Bibliographic record
Abstract
OBJECTIVE: To examine the process of implementing an electronic consultation (eConsult) service and evaluate its impact along key metrics outlined by the Reach, Effectiveness, Adoption, Implementation and Maintenance (RE-AIM) framework. DESIGN: Cross-sectional study. SETTING: Clinics using eConsult in four provinces across Canada: Alberta, Manitoba, Quebec and Newfoundland and Labrador. PARTICIPANTS: All eConsult cases submitted in four participating provinces were included. INTERVENTION: The eConsult service is a secure online application that allows primary care providers and specialists to communicate regarding a patient's care. We measured the impact using system utilisation data and mandatory close-out surveys completed at the end of each eConsult. MAIN OUTCOME MEASURES: Implementation progress and impact were examined using the five categories outlined by the RE-AIM framework: reach, effectiveness, adoption, implementation and maintenance.
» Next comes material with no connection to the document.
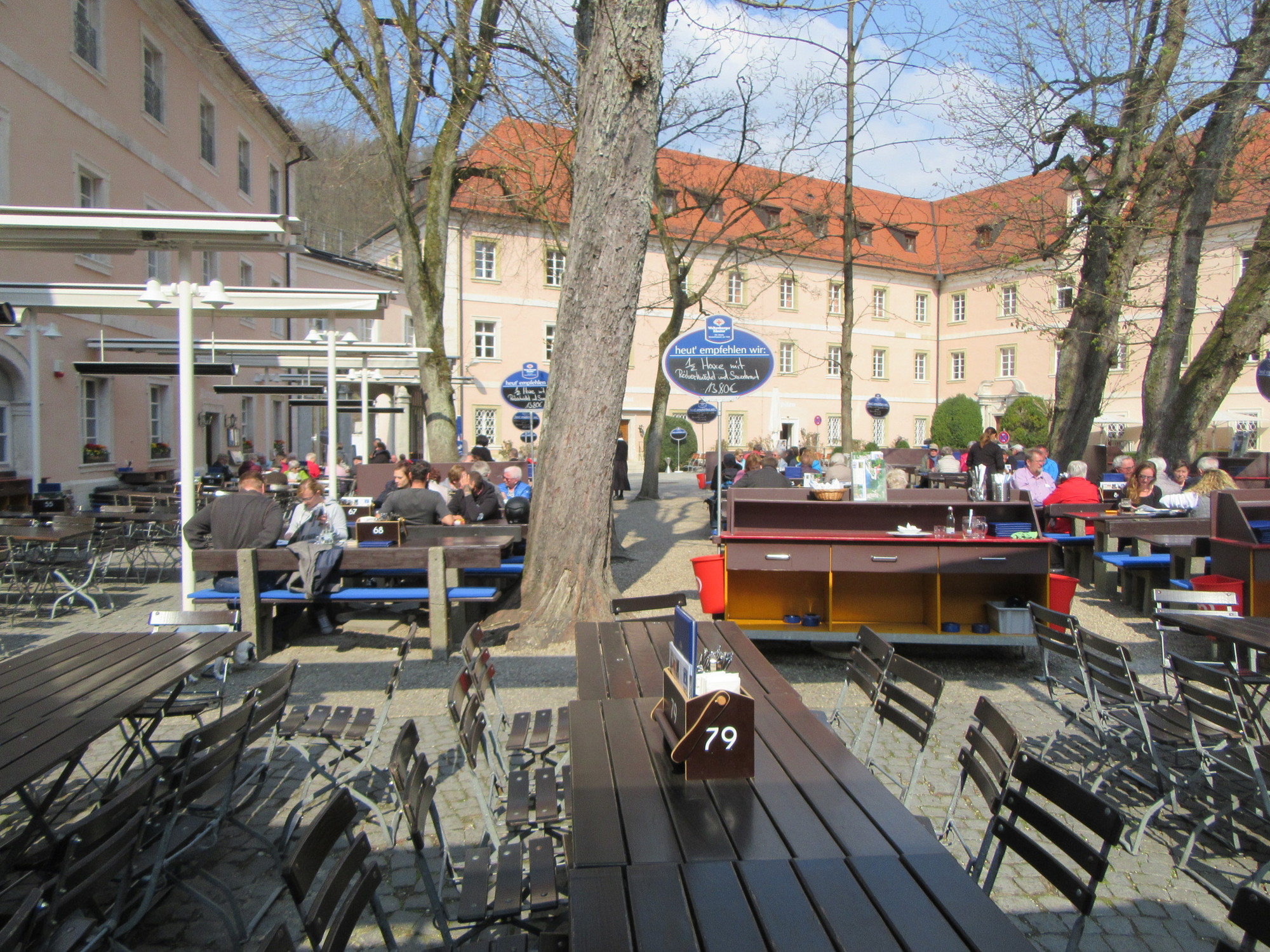 The Weltenberg monastery is kind of schizophrenic. On the one hand it is a Benedictine monastery, and to prove it we saw one monk riding away on a bike (maybe his shift was over?). But if you look at their website and the grounds, you see that their biggest thing is being the oldest monastery brewery in the world.

RESULTS: Four provinces provided data from different periods, ranging from 4 years (Alberta) to 10 months (Manitoba). Total cases completed ranged from 96 (Manitoba) to 6885 (Alberta). Newfoundland had the largest menu of available specialties (n=35), while Alberta and Quebec had the smallest (n=22). The most frequently requested groups varied across provinces, with only endocrinology appearing in the top five for all provinces. The average specialist response time ranged from 3 days (Manitoba) to 16.7 days (Alberta). Between 54% (Newfoundland) and 66% (Manitoba) of cases resulted in new or additional information. Primary care providers avoided completing referrals they had originally considered in 36% (Newfoundland) to 53% of cases (Manitoba), while only between 27 % (Quebec) and 29% (Newfoundland) of cases resulted in a referral. In every province, services demonstrated higher rates of usage in their last quarter of data than their first. CONCLUSIONS: eConsult was successfully implemented in four new provinces across Canada. Implementation strategies and scope varied, but services demonstrated substantial consistency on several key metrics, most notably on whether new information was learnt and impact on decision to refer.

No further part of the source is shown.